The ultimate guide to quitting your job
Thinking of quitting your job this summer? You’re not the only one.
As coronavirus cases decrease and vaccinations rise in the U.S., many workers are at a crossroads in their careers. Whether considering a switch from an in-person job for a remote opportunity or quitting due to burnout, more employees are mulling over the decision to leave their current roles, experts say. And some foresee a summer of resignations on the horizon.
“I’ve been in this space a long time, and I’ve never seen anything like this before,” said Tammy Chatkin, executive vice president at talent agency 24 Seven Inc. “It’s the game of everyone moving around right now.”
Pent-up demand, pandemic savings, back-to-office mandates -- experts say it will all add up to a historic wave of people leaving their jobs.
Quitting your job without another opportunity lined up isn’t always feasible, especially without a financial cushion to fall back on. “You need to make sure you’re going to be able to pay the bills,” said Cathe Caraway, principal of the Employee Rights Law Group. But even if you have the means to leave, there are important points to consider before calling it quits.

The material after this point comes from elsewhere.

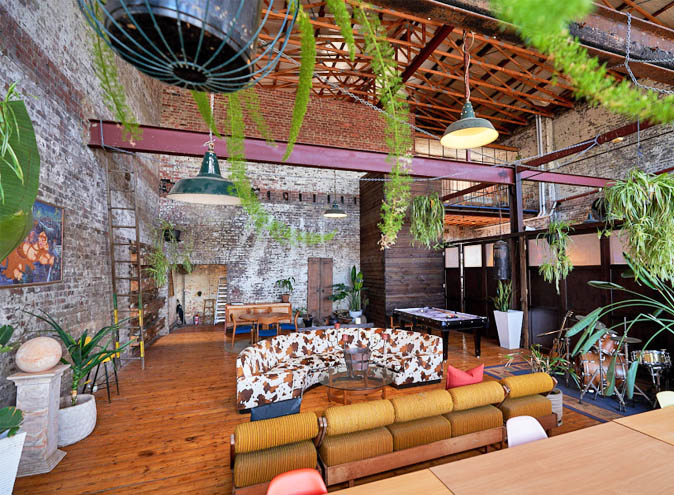 The loft is an exclusive, secret destination for impressive events, launches, exhibitions, shoots and more, with towering 9m ceilings, huge windows, fire-scarred walls, exposed beams, and quirky plants and furnishings.
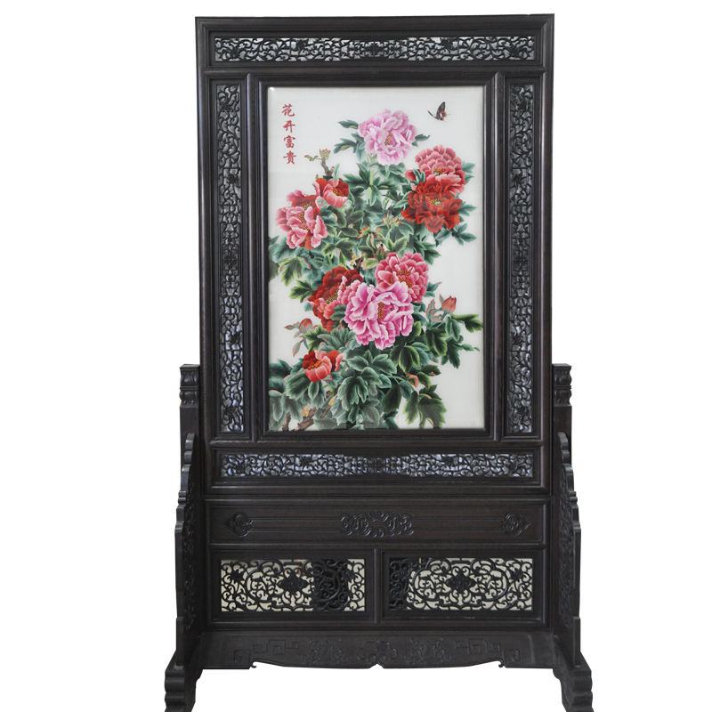 蘇繡木質(zhì)屏風(fēng)家用中國風(fēng)刺繡牡丹圖手工酒店玄關(guān)蘇繡

We spoke with four experts to learn how workers should go about leaving their current role. Here is their advice:
Make sure you actually want to quit
It’s important to evaluate all of your options before leaving your job. For example, if you’re considering quitting due to burnout, think about whether a leave of absence would give you the rest you need. “It could be that there’s a short-term solution that might help you where you’re at now,” said Octavia Goredema, a career coach and founder of Twenty Ten Agency. But at the same time, quitting “could be this part of the biggest shift that you need to make” to achieve your goals.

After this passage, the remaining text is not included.